Summary of measures taken by Nordea
• Nordea will apply stricter governance of Nordea Bank S.A. in Luxembourg (NBSA) and integrate NBSA into the Nordic organisation while also respecting the legal and governance responsibility of the board and management of NBSA. The decision to integrate NBSA into the Private Banking organisation is to ensure a consistent implementation of policies and secure a fully compliant culture. NBSA will have a new board composition also including an external board member and internal control functions will be strengthened. A strategy and risk review of NBSA will also be conducted in respect of the jurisdictions where our customers are present and considering, among other things, relevant Nordic business relations criteria. The likely outcome will be a more limited scope going forward.
• NBSA has taken immediate action and blocked the accounts where suspicious indications were found. This goes for the 68 cases highlighted by Group Compliance. We are in accordance with our policies investigating these accounts further to obtain reasonable comfort that customers comply with relevant rules for declaration and taxation. Otherwise their accounts will be closed. Even if an account will be closed NBSA will still fulfil its reporting obligations under the OECD’s Common Reporting Standard (CRS).
• Nordic Private Banking customers will also be handled without delay to verify that documentation is complete.

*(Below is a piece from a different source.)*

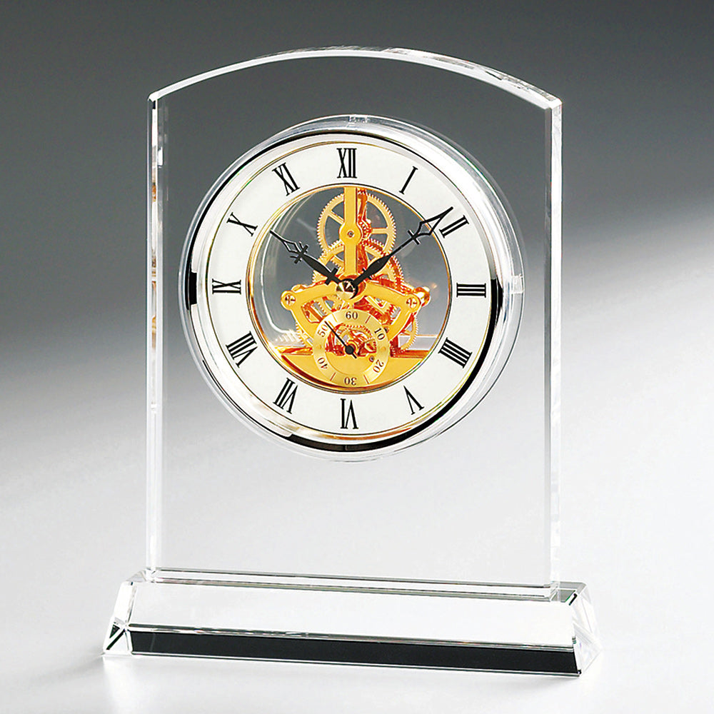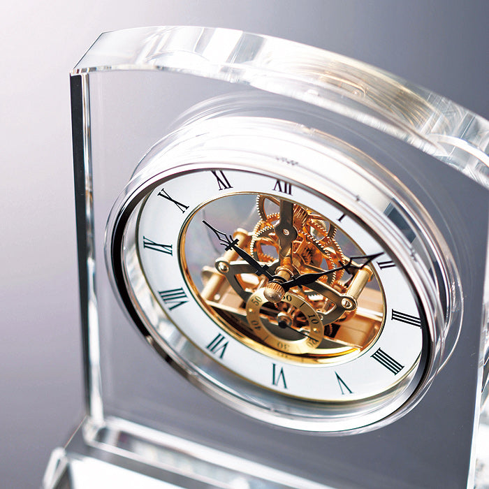 ガラス本来の純粋な透明感と、気品を感じさせるインテリアクロック。スケルトンのムーブメントが洗練されたイメージをさらに強調します。

• Nordea will strengthen its tax policy on customer advice for the Nordea Group.
• NBSA will immediately ensure that the required KYC data are provided.
• Nordea will say no to all new company structures where the business purpose is not clear.
• NBSA will enforce new, stricter criteria for existing and new customers having offshore structures. As a consequence the number of customers with offshore structures will be significantly reduced. Offshore structures will not be allowed unless the CRS can be fully applied to the ultimate beneficial owner of the offshore structure, allowing automatic exchange of information between tax authorities. New criteria also include clarified requirements regarding documentation to support sufficient evidence of tax compliance, board of directors, acceptable jurisdictions, etc. All current offshore structure customers at NBSA will now be reviewed based on these clarified requirements, and also from a KYC and tax perspective. If not deemed acceptable, the customer relationship will be terminated. This review will be finalised by the end of 2016.
• NBSA will no longer assist customers with the administration of offshore structures neither with the law firm Mossack Fonseca based in Panama nor with other corporate service providers. As previously stated, all of our interaction with Mossack Fonseca is currently being discontinued and is expected to be completely discontinued by the end of the year.
• Nordea will promptly take action on all the recommendations in the report.
• Nordea will continue to strengthen competencies and resources in control functions in the Group and NBSA.